等冯文转过身去,发现顺德帝早已偏着头,昏死在龙椅上。
“皇上!”冯文也顾不的礼法和退朝了,一个箭步冲上台阶,招呼小六子几个小太监,一齐将皇上搀到后殿。
“皇上……皇上。”百官顿时一起“扑通”一声跪下,伏在地上一动也不敢动。
不知过了多少时辰。
后殿外台阶上跪着首辅,诸位次辅,太子,各部尚书。
后殿内弥漫着一股浓烈的中药味,龙榻上,顺德帝仍紧闭着双眼,牙齿也不停的打颤,手指呈现出紫黑色,榻边围满了太医,都面色凝重,皱眉不展。
太医院院首收回为皇帝诊脉的那只手,紧紧的闭上了双眼,深深的叹了口气,冯文赶紧上前询问,道:“院首,圣上……圣上他还有多少时日啊?”
太医院院首摇了摇头,道“恐怕就是这几日了。”说罢便要收拾医箱离开。
冯文赶紧上前拉住他,说道:“院首,你我当年皆承李氏恩情,方能到如今位置,若新帝登基,还能像如今这般吗?”
院首无奈道:“可天命如此,怎能改变!”
冯文忙道:“听闻院首早年游历四方,五岳四川都曾到访过,可有续命之法,为我等挣得回旋余地?”
院首正想拒绝,可突然一愣,说道:“经你这一提醒,我想起年轻时曾到民间游历,他们曾有以女子为病弱夫婿冲喜之说,我也就学了些许皮毛的方术。
冯文大喜过望,说道:“还请院首一试。”
院首颔首,又道:“可怎让那女子进入这皇宫大内呢?”
冯文思索片刻,道:“这些都包在我身上。”
不久他就让院首见识到大虞朝第一权宦的威力。
殿外,清一色的跪着太子党,首辅张从俭悄声对太子谢晏清说道:“不会徒生什么变故吧?”
谢晏清轻笑道:“再生什么变故也翻不出我们的五指山。

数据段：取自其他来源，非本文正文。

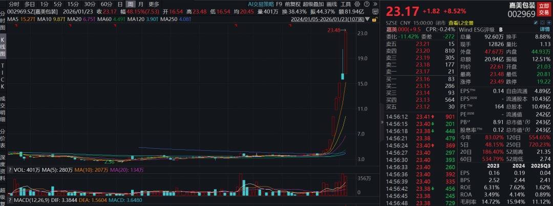 1月23日收盘,嘉美包装股价收涨8.52%,收于23.17元/股,总市值243亿元。

”
说罢,紧闭的大门便突然打开。
只见太监冯文迈出殿门,观望了四周的众臣,用手指在唇前轻轻比了一声“嘘”,瞬间大家都噤声了。
“奉天承运皇帝昭曰,朕闻清鸾山火,民心动荡,京畿不安,颇为痛心疾首,又感身心俱疲,无人在侧,来日无多,鉴司天监阳盛阴衰,后位经年空缺,遂改太子大婚为封后典礼,愿能为国祈福,延我国祚,兴我社稷,钦此。”冯文微笑道:“三日后的封后大典,各位大人可不要迟到啊!”
说罢便又重重的关上了殿门,只留门外诸臣一脸懵比。
话说李致君主仆三人下山后,就来到了京城,便在一家客栈住了下来。由于李府在抄家前便将部分家当财货交予了玲珑八宝,所以他们还不至于挤在一间厢房。
舟车劳顿几日,他们便各自告退回房休息了。
但李致君却没有太累,于是他便观察起四周,顺便想一下剧情的下一步走向。李致君的这间厢房布置朴质,与普通厢房无异,但其临近街道,窗户对面便是一个生意兴隆的茶馆,周遭街坊就属它最热闹,很难不引起他人注意。于是他便依在窗框上,望着那茶馆出神。
那茶馆本没什么奇异之处,只是一位带着墨镜说书先生当坐其中,他的一根巧舌才引得路人纷纷驻足停留。
“诸位,我们上回说到这清鸾山火肆虐,可台下有人知晓是何原因吗?”说书先生故作神秘的推了推镜框,问道。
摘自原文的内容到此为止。